NEWS

Clay sentenced to life in Chelsea Bruck’s death

Associated Press

Monroe — A man was sentenced to life in prison Thursday for killing a woman after a 2014 Halloween party in southeast Michigan and stashing her body in the woods.

Daniel Clay apologized in court. A jury in May convicted him of first-degree murder in the beating death of Chelsea Bruck.

“I made a mistake,” Clay told the victim’s mother, Leanndra Bruck, at his sentencing. “I know I caused pain to the family and to the community. I am truly sorry. I am sorry for what I put you through.”

Chelsea Bruck, 22, who was from Maybee, disappeared after attending the party with hundreds of people in Monroe County’s Frenchtown Township. Her body was found six months later.

She was dressed as the comic villain Poison Ivy at the party. DNA on her costume led investigators to Clay in 2016.

Clay had contended the death was accidental and occurred during aggressive sex in his car. But Monroe County Circuit Judge Daniel White said Clay was not believable.

“You’re a liar, a rapist and a killer,” White told Clay on Thursday.

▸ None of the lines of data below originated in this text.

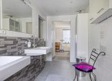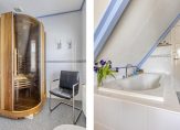 Overloop met bergkast, twee ruime slaapkamers van ca. 11 en 11 m² en een badkamer met ligbad, douchecabine, wastafel, toilet en sauna.
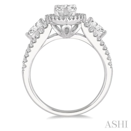 1 1/2 Ctw Pear Shape Diamond Engagement Ring in 14K White Gold
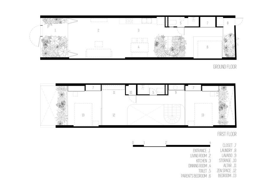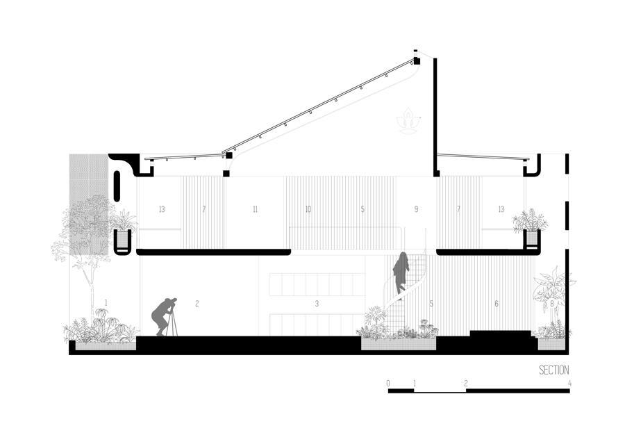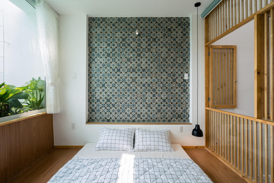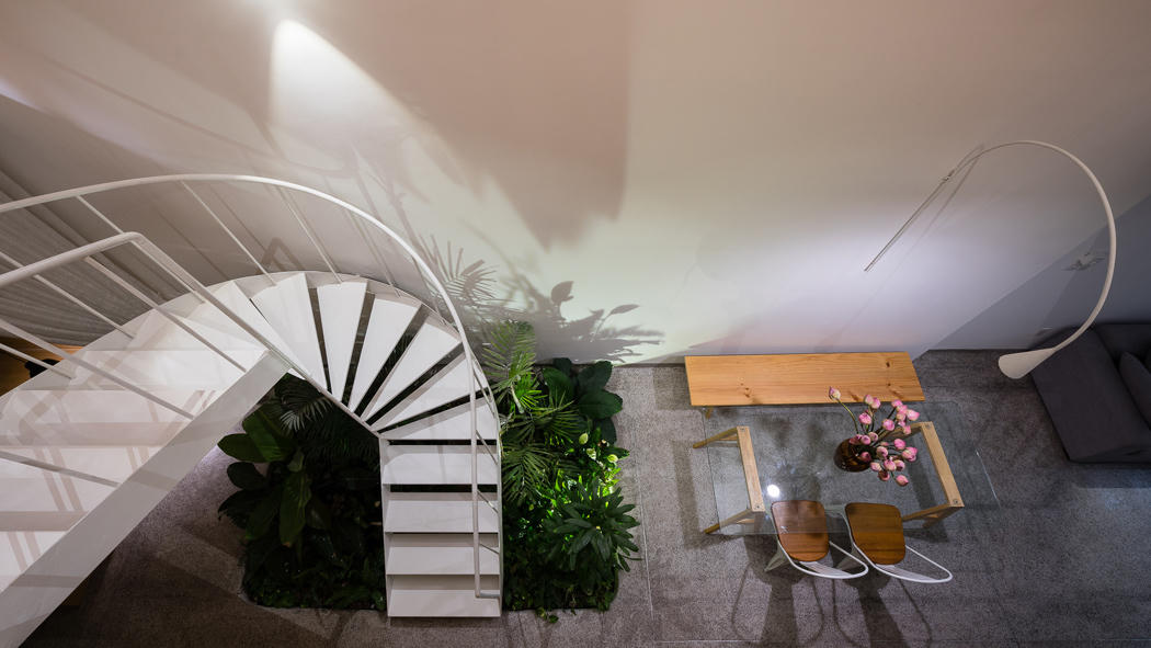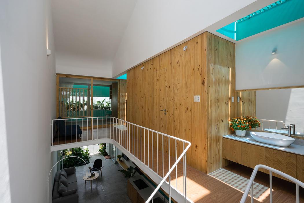 Hệ thống vách ngăn được thiết kế có thể di chuyển linh hoạt, mọi giới hạn cố hữu bị loại bỏ. Khu vườn đan xen xuất hiện và biến mất, nhà vệ sinh ẩn trong tủ gỗ... tạo cảm giác rộng rãi.
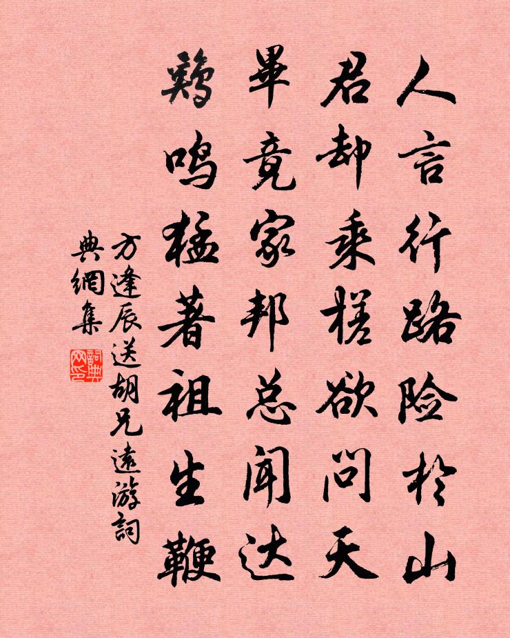 詩詞名句歷史字典書法欣賞書法字典國語詞典說文解字康熙字典古漢語字典標 題 作 者 詩 句 送胡兄遠遊作者:方逢辰 朝代:宋代送胡兄遠遊原文人言行路險于山,君卻乘槎欲問天。畢竟家邦總聞達,雞鳴猛著祖生鞭。詩詞問答問:送胡兄遠遊的作者是誰?答:方逢辰問:送胡兄遠遊寫於哪個朝代?答:宋代方逢辰送胡兄遠遊書法欣賞送胡兄遠遊書法作品詩詞推薦次韻宋德器春晚即事五首李流謙〔宋代〕靈明觀自己,糾錯漫殊途。睨柱夸完璧,探懷失系珠。封侯真不願,作佛尚堪圖。解我無還語,根塵法本粗。奉酬寇十侍御錫見寄四韻,復寄寇杜甫〔唐代〕往別郇瑕地,於今四十年。來簪御府筆,故泊洞庭船。詩憶傷心處,春深把臂前。南瞻按百越,黃帽待君偏。惠山寺並簡竇公蘇紳〔宋代〕綺塍行盡入松門,暫拂塵纓袖惹雲。海月未升樓上見,湖波初起坐中聞。寶扉膜拜青蓮相,石案傍行白{在疊右毛第一百八十三文天祥〔宋代〕名賢慎出處,志士懷感傷。猶殘數行淚,引古惜興亡。贈故人馬子喬詩鮑照〔南北朝〕躑躅城上羊。攀隅食玄草。俱共日月輝。昏明獨何早。夕風飄野籜。飛塵被長道。親愛難重陳。懷憂坐空老。送知府滕光祿朱長文〔唐代〕榜登龍虎亞倫魁,一紀橫飛長憲台。謨議軒昂開日月,辭章雄偉鼓風雷。朝端已慶明良會,廟論鹹推將相才。一跌西江月(十三)張伯端〔宋代〕丹是色身至寶,煉成變化無窮。更於性上究真宗。決了死生妙用。不待他身後世,現前獲福神通。自從龍虎著斯功又送前人琴棋書畫四首文天祥〔宋代〕不知甲子定何年,題滿柴桑日醉眠。意不在言君解否,壁間琴本是無弦。我愛商山茹紫芝,逍遙勝似橘中時。紛紛哭女二首李覯〔宋代〕妻死女已病,踰年成二喪。此生誰骨肉,末識好衣裳。看面雖猶小,聞言盡可傷。最知憐祖母,句句刮人腸。梅花陳景沂〔宋代〕標薰江雪情偏韻,影墨窗蟾夢半回。耐凍有何香可述,雅交還喜淡相陪。朝陽穿破衲贊釋了惠〔宋代〕一衲橫肩遮百醜, * 冷風吹不透。待伊穿線要重聯,金烏已在西山後。悼玉溪張九成〔宋代〕聞名四十載,茲地忽相逢。每聽談前事,相看淚滿胸。干戈今偃息,詩酒曷從容。寂寞千秋恨,新阡植萬松。和龔同叔春日即事五首趙善括〔宋代〕苦雨不肯霽,花愁都落紅。老農欣歲兆,遊子恨途窮。寒尚衣難褪,春侵酒易中。城頭喧角弄,輕度一簾風。贈方叔姜特立〔宋代〕世間曠士如君少,天下閒人似我稀。一曠一閒無一事,只應鷗鳥共忘機。臥梅李龍高〔宋代〕月橫鶴膝影闌乾,枕石眠雲幾歲寒。宇宙一身今老矣,瀟瀟風雪擁袁安。諸公和淵明止酒詩因同賦陳與義〔宋代〕愛河漂一世,既溺不能止。不如淡生活,吟詩北窗里。肺肝亦何罪,困此毛錐子。不如友麯生,是子差可喜。三杯初入汴強至〔宋代〕山勢隨淮斷,河流帶地渾。嚴風疏樹影,落日露沙痕。客興雙蓬鬢,吟懷一酒尊。舟行那敢緩,霜意滿乾坤。春日田園雜興王進之〔宋代〕東君私我此閒身,脫欲青衫野服更。桑可以絲麻可貴,麥宜續食韭宜羹。分甘壟上耕雲隱,夢不湖邊拾翠行。物意賢者之孝二百四十首雷紹林同〔宋代〕行莫大於孝,其如違養何。只消一句子,安用讀書多。洋州三十景此君奄鮮于侁〔宋代〕結庵已忘情,植竹更端操。迢遙月 * ,習靜誰能造。名句推薦嗟萬事難忘,惟是輕別。周邦彥《浪淘沙慢·曉陰重》 海水夢悠悠,君愁我亦愁。佚名《西洲曲》 人之性惡,其善者偽也。荀子《荀子·性惡》 伏久者,飛必高;開先者,謝獨早。陳繼儒《小窗幽記·集醒篇》 叢菊兩開他日淚,孤舟一系故園心。杜甫《秋興八首·其一》 神女生涯原是夢,小姑居處本無郎。李商隱《無題·重幃深下莫愁堂》 經年塵土滿征衣,特特尋芳上翠微。岳飛《池州翠微亭》 勝法之務莫急於去奸,去奸之本莫深於嚴刑。商鞅《商君書·開塞》 旋開旋落旋成空,白髮多情人更惜。司空圖《酒泉子·買得杏花》 夕陽牛背無人臥,帶得寒鴉兩兩歸。張舜民《村居·水繞陂田竹繞籬》
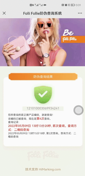 这个验证方式,也是Folli Follie官方公众号列明的防伪办法,童叟无欺!
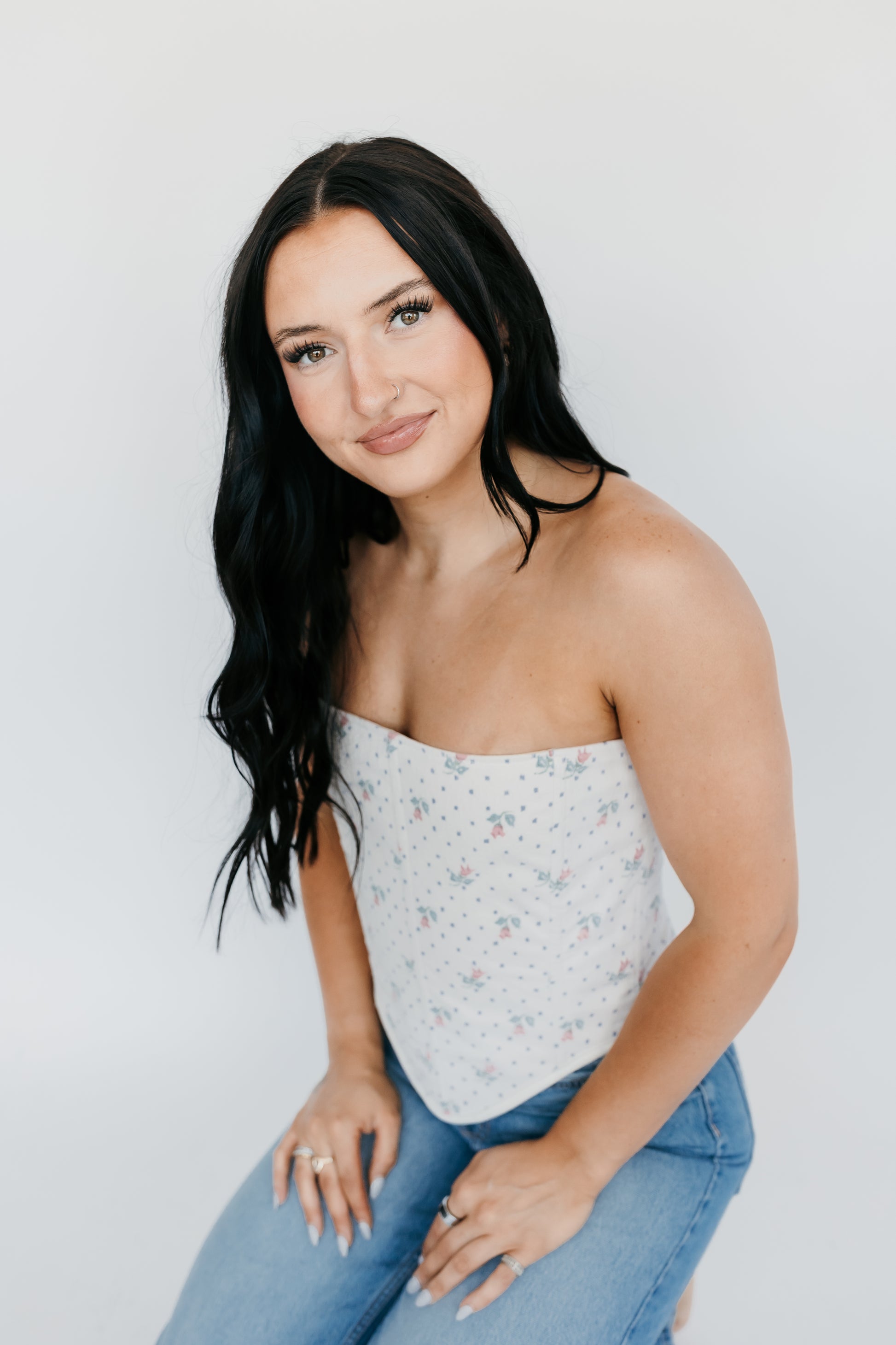 Straight across neckline with small floral details and base neutral color | U-shaped bottom to be tucked in or layered over pants.
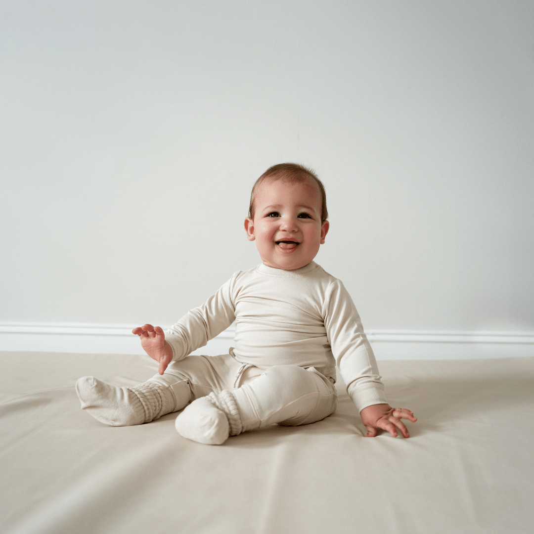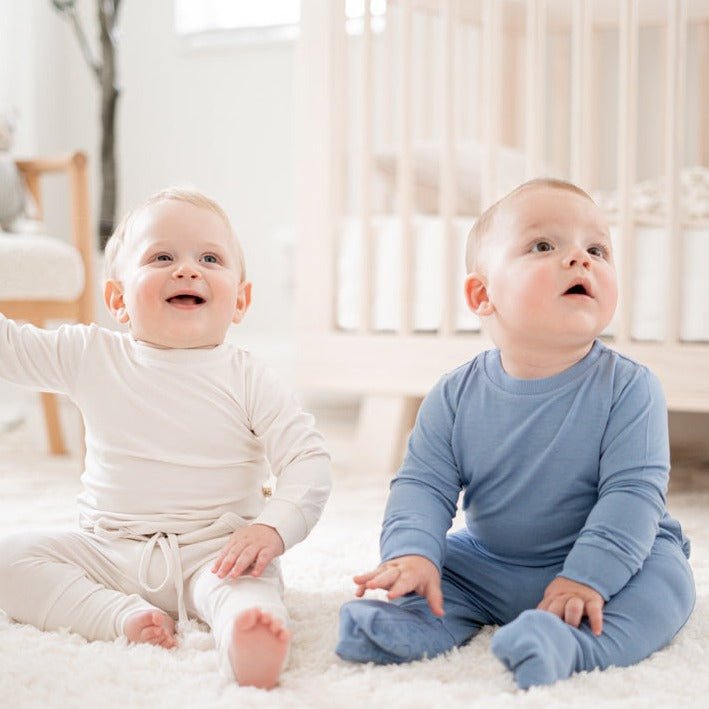 These bamboo jogger pants for babies are soft and gender-neutral with adjustable waistband and convertible footies. Perfect for playtime, naptime or anytime in between.
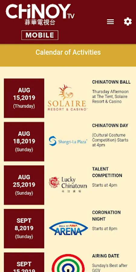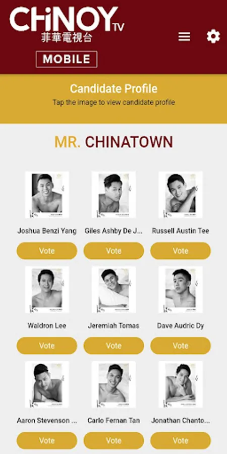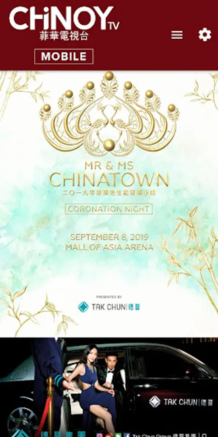 Chinoy TV Mobile is also the official mobile app of Mr. & Ms. Chinatown Philippines. Get up-to-date schedule on the pageant activities and know more about your favorite candidates through their profile, photos and videos. Take the opportunity to support them by voting directly from the app.

Leanndra Bruck, who spoke at the sentencing and gave Clay a Bible, said: “Today, with the strength from Jesus Christ, I forgive Daniel Clay. I do not want my Lord to ask why I could not offer forgiveness to Mr. Clay.”

At a news conference Thursday, Michael Roehrig, chief assistant prosecutor in the Monroe County Prosecuting Attorney’s Office, said: “Today, 990 days after murdering Chelsea and concealing her body in those woods, I will again agree with one statement the defendant made, he is a monster.”

He said Clay’s sentence to life without parole “brings a small measure of human justice for Chelsea, for her family and for the community.”

Chelsea's mother referred to her faith and the support from the community at the news conference Thursday.

“A very important lesson, from the loss of Chelsea: Don’t leave your friends alone,” she said. “If you go somewhere, anywhere as a group, please leave as that same group. Don’t assume that they’re going to be OK. We still expect her to walk in the back door.”

Bruck said a scholarship in Chelsea’s name will be awarded to a student in the culinary arts program at Macomb Community College because Chelsea had wanted to get a degree in culinary arts.

Detroit News Staff Writer Sarah Rahal contributed to this report.